В этом доме бывали Менделе и Нахум Слущ, Лилиенблюм и Ахад-ха-Ам, Усышкин и Жаботинский, Бялик и Черниховский. А когда, странствуя вместе с журналом «Ха-Шилоах», Клаузнеры оказались в Варшаве, на улице Цегляна, «через два дома от И. Л. Переца», они принимали у себя за чаем с пирогами, печеньем и всевозможными вареньями Переца, Шалома Аша, Номберга, Фришмана, Берковича, Штейнберга, Яакова Фихмана, Шнеура — словом, в «гости к ним» были все «улицы» Тель-Авива, задолго до того, как стали они улицами, носящими эти имена. Все они любили собираться за столом, где произносил свои монологи дядя Иосеф. (Между прочим, Залмана Шнеура дядя обычно почему-то называл «Залкинд Шнеур», а случалось, в минуты особой симпатии пускал в ход прозвище «Пандери-герой» — по имени главного персонажа одноименного романа Шнеура. Я помню Шнеура, помню его черную, густую ассирийскую бороду: однажды, в году пятьдесят первом или пятьдесят втором, отец взял меня с собой на лекцию писателя и поэта Шнеура в здании «Терра Санта», где тогда размещался Еврейский университет в Иерусалиме. Мне запомнились слова Шнеура: «Дни средневековья близятся…» И то, с каким ликованием и гордостью победителя, он заявил: «Из трех великих светил ивритской поэзии нашего поколения — Бялик, Шнеур и Черниховский — в живых остался только я, я один!»)
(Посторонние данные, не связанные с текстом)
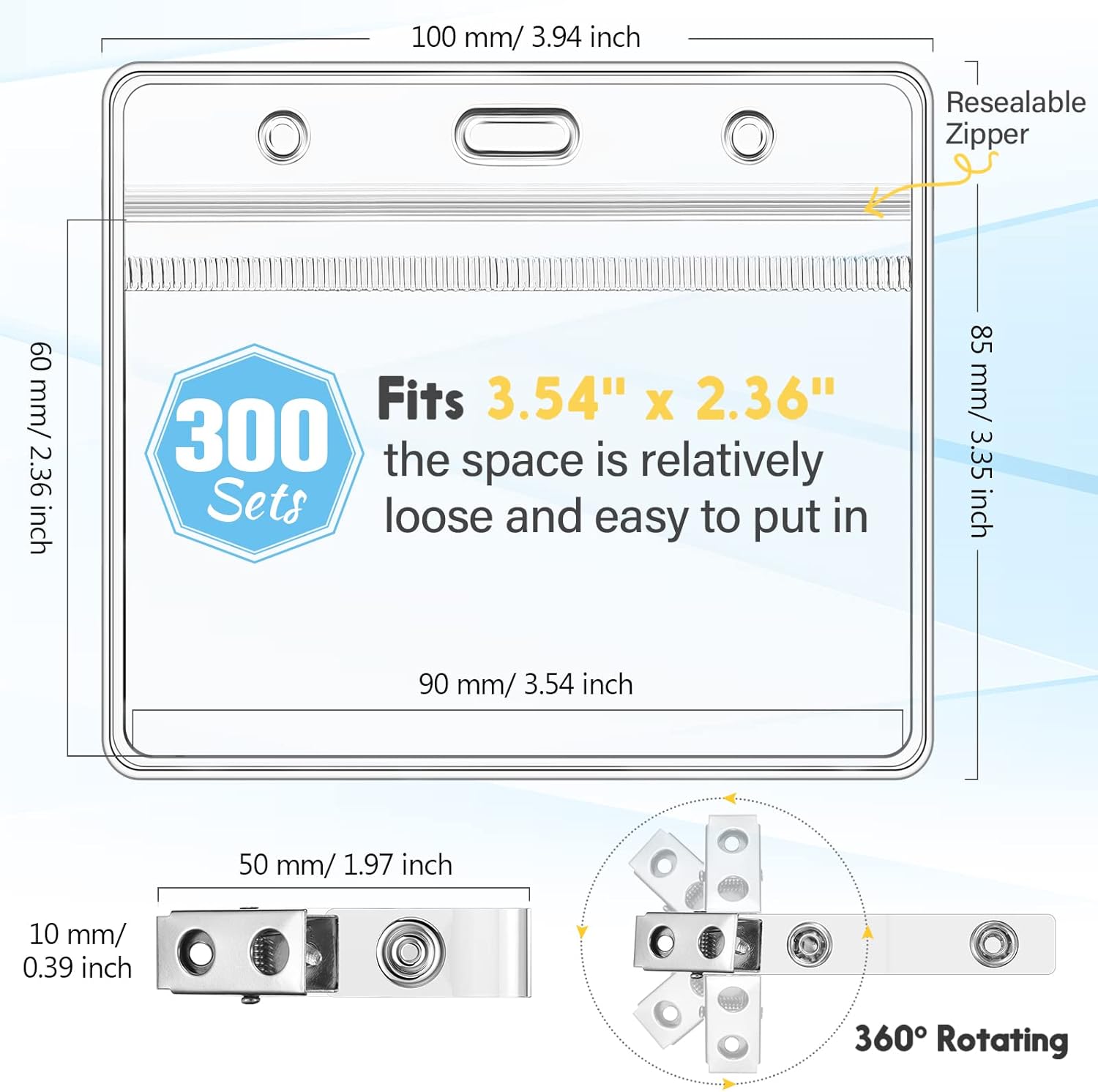 - Proper space: you will get 300 pieces clear name card holders and 300 pieces metal clips, helping you comfortably hold IDs, driver's license, employee's card and so on

Дядя Иосеф всегда светился какой-то почти детской радостью: даже, когда говорил он о своей печали, о глубине своего одиночества, о своих ненавистниках, о своей боли и болезнях, о трагической судьбе того, кто идет против течения, о несправедливостях и обидах, которые приходилось ему терпеть на протяжении всей его жизни, — всегда посверкивала какая-то скрытая радость за круглыми стеклами его очков. Даже, когда сетовал он на то, как страдает от бессонницы, его движения, его светлые глаза, его младенчески розовые щеки — все излучало какую-то свежесть, во всем ощущалось что-то ликующее, жизнелюбивое, почти эпикурейское. «Вновь я всю ночь не сомкнул глаз, — жаловался он всегда всем своим гостям. — Заботы о народе не давали мне покоя во тьме. Тревога о будущем, недальновидность лидеров-карликов — все это досаждает мне более, чем собственные ужасные горести, не говоря уже о боли в печени, о затрудненном дыхании, о жестоких головных болях, не отпускающих меня ни днем, ни ночью». (Если верить его словам, окажется, что он ни на минуту не сомкнул глаз, по меньшей мере, с начала двадцатых годов и до дня своей смерти в 1958 году).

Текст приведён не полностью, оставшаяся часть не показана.